The SEO world is in topsy-turvy again when Google recently sent out tons of new link warnings to websites. This is what the email says:
“Dear site owner or webmaster of….We’ve detected that some of your site’s pages may be using techniques that are outside Google’s Webmaster Guidelines. Specifically, look for possibly artificial or unnatural links pointing to your site that could be intended to manipulate PageRank. Examples of unnatural linking could include buying links to pass PageRank or participating in link schemes. We encourage you to make changes to your site so that it meets our quality guidelines. Once you’ve made these changes, please submit your site for reconsideration in Google’s search results. If you find unnatural links to your site that you are unable to control or remove, please provide the details in your reconsideration request. If you have any questions about how to resolve this issue, please see our Webmaster Help Forum for support.
Sincerely, Google Search Quality Team”
But then Google’s Matt Cutts posted this on his Google+ on July 21 to explain the strange warning:
“If you received a message yesterday about unnatural links to your site, don’t panic. In the past, these messages were sent when we took action on a site as a whole. Yesterday, we took another step towards more transparency and began sending messages when we distrust some individual links to a site. While it’s possible for this to indicate potential spammy activity by the site, it can also have innocent reasons. For example, we may take this kind of targeted action to distrust hacked links pointing to an innocent site. The innocent site will get the message as we move towards more transparency, but it’s not necessarily something that you automatically need to worry about.”
This is now confusing the world of SEO. Was it a penalty? A warning?

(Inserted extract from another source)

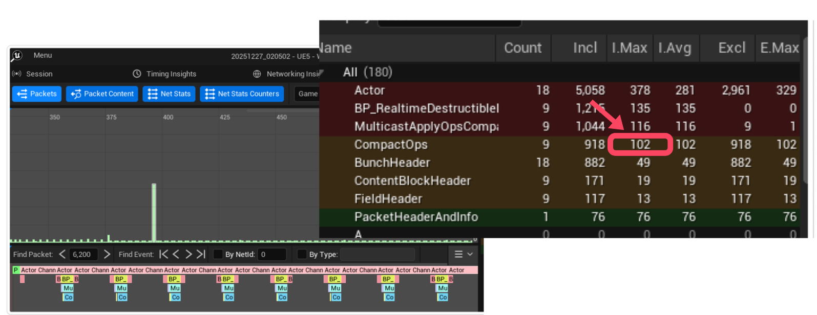 하지만 문제가 하나 더 있습니다. 위에 네트워크 인사이트 사진을 보면은 중간중간 ActorChannel사이가 비어있는 것을 확인 해볼 수 있을 것입니다.

Or just a way to ward off hackers who hooked on innocent sites?
While we’re waiting for more explanations, let’s take a look at the timeline of Google’s Algorithm updates so far.
Link Warnings – July 19, 2012
The email above was dispatched to a lot of websites warning about unnatural links but announced later there is nothing to worry about.
Panda 3.8 – June 25, 2012
A small ripple in the Panda update, it contained no algorithm changes but just revisions on the data.
Panda 3.7 – June 8, 2012
Announced as just a small update that would barely affect 1% of queries but in truth it made more impression than Panda 3.5 and 3.6.
May 39 – Pack – June 7, 2012
It was a busy month for Google as they came out with 39 updates on Panda and Penguin in May. This includes better link-scheme detection, changes to title/snippet rewriting and updates on Google News.
Penguin 1.1 – May 25
Penguin algorithm was updated for the first time, extending its work outside of the main search index.
Knowledge Graph – May 16, 2012
The latest addition to Google, it’s SERP-centric. As Google describes it, “The Knowledge Graph enables you to search for things, people or places that Google knows about—landmarks, celebrities, cities, sports teams, buildings, geographical features, movies, celestial objects, works of art and more—and instantly get information that’s relevant to your query.”
Penguin – April 24, 2012
Originally called Webspam update, the Penguin is another cute animal that has serious intents and created heavy impact on the SEO world. It’s also called Panda’s stricter sister. It has to do with penalties on over-optimization and adjusts spam factors like keyword stuffing.
Parked Domain Bug – April 16, 2012
Ranking goes awry on account of a bug named Parked Domain.
Venice – February 27, 2012
Google tightens ship with Venice, which targets local searches.
Ads Above The Fold – January 19, 2012
This penalizes sites that had too much ad-space.
Panda 3.1 – November 18, 2011
This is when Google entered a phase that was called “Panda Flux” where more and more updates were rolled out.
The Update – November 3, 2011
This is the biggest update Google has done and has changed the landscape of SEO. It hit a whopping 35% of queries and released a guideline that fresh content will be prioritized over content that has no time relevance.
Panda 2.5 – September 28, 2011
What was supposed to be a small ripple affected sites that as reported created “large scale losses.”
Panda 2.4 – August 12, 2011
This is when Panda goes global to English and non-English searches save for Chinese, Japanese and Korean languages.
Google Plus – June 28, 2011
Google releases its answer to Facebook with Google Plus or Google+. Within 2 weeks the social media network reached 10 million users.
Panda – February 23, 2011
Panda is first released into public. It’s a preview of the more massive changes Google is going to do with the SEO industry by targeting bad quality content and shady SEO linking.